See `client.py` for full example.

#### How to consume server

![img](imgs/screen.gif)

> The server supports only `POST` method to `/` with the input information as part of the request body.

The input will be proccessed in the encode function to produce the feed_dict object that will be passed to the graph.
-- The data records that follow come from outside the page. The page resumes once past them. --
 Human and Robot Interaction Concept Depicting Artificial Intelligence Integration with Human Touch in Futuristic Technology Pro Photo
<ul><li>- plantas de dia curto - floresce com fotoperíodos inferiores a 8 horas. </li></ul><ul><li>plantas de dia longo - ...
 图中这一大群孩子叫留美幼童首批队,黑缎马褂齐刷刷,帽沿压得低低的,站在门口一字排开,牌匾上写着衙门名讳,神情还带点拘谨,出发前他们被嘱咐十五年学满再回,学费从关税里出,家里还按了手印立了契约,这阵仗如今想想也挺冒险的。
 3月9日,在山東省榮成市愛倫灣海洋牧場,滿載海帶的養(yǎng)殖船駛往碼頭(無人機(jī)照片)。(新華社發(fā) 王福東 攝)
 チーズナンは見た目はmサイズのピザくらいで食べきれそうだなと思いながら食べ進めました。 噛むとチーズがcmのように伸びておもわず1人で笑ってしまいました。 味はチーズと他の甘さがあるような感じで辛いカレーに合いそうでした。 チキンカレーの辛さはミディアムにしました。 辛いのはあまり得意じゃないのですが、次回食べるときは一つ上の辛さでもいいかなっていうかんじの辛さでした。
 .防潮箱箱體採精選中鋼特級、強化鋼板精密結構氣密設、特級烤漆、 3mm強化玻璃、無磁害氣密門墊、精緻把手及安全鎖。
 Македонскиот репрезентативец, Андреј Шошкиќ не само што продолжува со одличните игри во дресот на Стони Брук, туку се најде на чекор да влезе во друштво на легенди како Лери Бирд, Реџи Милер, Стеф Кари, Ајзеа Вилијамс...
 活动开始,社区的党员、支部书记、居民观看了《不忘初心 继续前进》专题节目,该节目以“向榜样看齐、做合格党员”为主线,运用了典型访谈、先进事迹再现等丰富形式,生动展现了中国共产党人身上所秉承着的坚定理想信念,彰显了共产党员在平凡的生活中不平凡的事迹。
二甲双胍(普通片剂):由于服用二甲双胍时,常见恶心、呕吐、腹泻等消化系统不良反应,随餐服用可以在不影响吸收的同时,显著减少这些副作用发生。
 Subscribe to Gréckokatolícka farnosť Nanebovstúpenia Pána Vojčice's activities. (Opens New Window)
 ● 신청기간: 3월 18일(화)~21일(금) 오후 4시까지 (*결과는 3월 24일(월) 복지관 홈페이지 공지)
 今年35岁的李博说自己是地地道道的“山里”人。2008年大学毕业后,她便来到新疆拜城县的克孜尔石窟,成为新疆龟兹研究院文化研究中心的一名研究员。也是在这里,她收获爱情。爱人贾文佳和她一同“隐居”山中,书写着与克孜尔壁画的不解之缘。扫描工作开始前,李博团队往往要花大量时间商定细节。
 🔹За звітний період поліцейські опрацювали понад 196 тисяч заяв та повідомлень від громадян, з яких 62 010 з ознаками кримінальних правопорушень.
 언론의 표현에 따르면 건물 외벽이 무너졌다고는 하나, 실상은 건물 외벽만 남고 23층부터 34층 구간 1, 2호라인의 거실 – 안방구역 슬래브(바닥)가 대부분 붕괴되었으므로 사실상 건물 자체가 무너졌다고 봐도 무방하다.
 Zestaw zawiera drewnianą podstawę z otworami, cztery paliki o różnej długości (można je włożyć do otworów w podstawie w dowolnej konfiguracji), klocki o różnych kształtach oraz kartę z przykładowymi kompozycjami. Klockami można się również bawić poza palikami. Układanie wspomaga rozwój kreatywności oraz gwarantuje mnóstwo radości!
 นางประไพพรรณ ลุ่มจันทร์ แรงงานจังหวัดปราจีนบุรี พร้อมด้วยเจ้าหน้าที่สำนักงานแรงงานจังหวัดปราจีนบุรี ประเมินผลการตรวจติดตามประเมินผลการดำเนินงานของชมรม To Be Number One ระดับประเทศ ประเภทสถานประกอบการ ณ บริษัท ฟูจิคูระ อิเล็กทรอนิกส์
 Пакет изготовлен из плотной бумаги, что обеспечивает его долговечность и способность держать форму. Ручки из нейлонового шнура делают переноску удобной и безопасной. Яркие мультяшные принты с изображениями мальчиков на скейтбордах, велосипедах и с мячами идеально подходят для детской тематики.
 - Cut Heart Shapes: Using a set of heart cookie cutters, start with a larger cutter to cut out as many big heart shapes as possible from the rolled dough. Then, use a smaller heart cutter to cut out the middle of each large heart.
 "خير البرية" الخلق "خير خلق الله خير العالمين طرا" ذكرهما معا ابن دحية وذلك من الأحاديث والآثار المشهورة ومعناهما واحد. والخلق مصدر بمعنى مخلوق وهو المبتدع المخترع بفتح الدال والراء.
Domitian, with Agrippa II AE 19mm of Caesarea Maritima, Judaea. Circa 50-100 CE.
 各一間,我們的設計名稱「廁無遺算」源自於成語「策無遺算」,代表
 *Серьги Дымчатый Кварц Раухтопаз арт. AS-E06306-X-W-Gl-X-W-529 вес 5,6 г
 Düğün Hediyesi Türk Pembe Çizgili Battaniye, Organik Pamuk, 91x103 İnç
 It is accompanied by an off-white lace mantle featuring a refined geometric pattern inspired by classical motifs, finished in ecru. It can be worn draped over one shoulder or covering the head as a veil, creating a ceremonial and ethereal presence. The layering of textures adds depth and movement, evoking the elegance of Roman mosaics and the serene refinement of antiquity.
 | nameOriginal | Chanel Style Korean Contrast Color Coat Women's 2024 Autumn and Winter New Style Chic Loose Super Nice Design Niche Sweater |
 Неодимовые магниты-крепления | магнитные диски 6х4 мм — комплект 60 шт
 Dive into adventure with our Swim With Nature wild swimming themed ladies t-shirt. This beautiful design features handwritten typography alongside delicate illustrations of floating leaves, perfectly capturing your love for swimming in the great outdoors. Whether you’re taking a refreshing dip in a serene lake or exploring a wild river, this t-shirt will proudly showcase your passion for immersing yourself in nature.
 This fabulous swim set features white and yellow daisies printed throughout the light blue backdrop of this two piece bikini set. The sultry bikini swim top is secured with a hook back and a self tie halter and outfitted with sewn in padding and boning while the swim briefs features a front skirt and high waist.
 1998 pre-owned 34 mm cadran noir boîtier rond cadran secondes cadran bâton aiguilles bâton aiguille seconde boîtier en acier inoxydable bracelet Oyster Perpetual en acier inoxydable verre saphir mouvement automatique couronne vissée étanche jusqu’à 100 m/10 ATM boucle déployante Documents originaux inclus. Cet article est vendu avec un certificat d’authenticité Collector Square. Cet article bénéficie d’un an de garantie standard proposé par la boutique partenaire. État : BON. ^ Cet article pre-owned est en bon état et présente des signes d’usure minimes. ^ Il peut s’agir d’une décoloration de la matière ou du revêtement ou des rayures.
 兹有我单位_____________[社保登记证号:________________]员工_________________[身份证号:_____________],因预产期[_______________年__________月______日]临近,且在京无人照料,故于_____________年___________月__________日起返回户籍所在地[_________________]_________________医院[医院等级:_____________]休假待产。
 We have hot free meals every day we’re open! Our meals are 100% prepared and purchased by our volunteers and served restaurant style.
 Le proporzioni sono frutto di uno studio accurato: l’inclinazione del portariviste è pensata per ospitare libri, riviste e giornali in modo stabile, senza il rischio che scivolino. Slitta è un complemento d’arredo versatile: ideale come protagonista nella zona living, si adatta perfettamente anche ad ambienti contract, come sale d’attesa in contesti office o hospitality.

The graph output will be processed in the decode function and the server will return whatever the decode function returns.

### CLI

`tfserve` also provides a CLI program with built-in encode/decode handlers:

```bash
tfserve -m PATH [-i INPUTS] [-o OUTPUTS] [-h HANDLER] [-b] [-H HOST] [-p PORT]

-m PATH, --model PATH
path to pb file or directory containing checkpoint
-i INPUTS, --inputs INPUTS
a comma separated list of input tensors
-o OUTPUTS, --outputs OUTPUTS
a comma separated list of output tensors
-h HANDLER, --handler HANDLER
encode/decode handler (deault is 'json')
-b, --batch process multiple inputs (default is to process
one input per request)
-H HOST, --host HOST host interface to bind to (0.0.0.0)
-p PORT, --port PORT port to listen on (5000)
```

#### Example

```bash
$ tfserve -m models/graph.pb -i x:0 -o out:0 -h json -H localhost
```

Run `tfserve` with `models/graph.pb` model that takes as input the tensor with name `x:0` (dimesion: [?,5]) and outputs a tensor named `out:0`. The server will run on http://localhost:5000/ and will receive `POST` requests to `/`.

By using the **json handler**, you can provide the input data as a `json` object in the request body:

```json
{
"x:0": [1,1,3,4,5]
}
```

You will receive a `json` output object as:

```json
{
"out:0": 0.48
}
```

#### More information about CLI

Run:

```bash
$ tfserve --help
```

## Help

* **What if I don't know the tensor names?**

> You can use `tfserve.helper.estimate_io_tensors(model_path)` function to get a list of possible input/output tensor names. Also, you can use the CLI by running: `tfserve -m [model_path] --help-model`

* **What if I want to run multiple inferences at the same time?**

> You can use `batch=True` when building tfserve.TFServeApp. You will then need to handle the batch dimension yourself in the `encode` and `decode` function.
> Also, if using the CLI, just add the `--batch` flag.

## Limitation

> It only works with one-to-one models. That is, models that need to run the graph only once to get the inference.
> Other architectures of inference will be supported soon. Help is appreciated!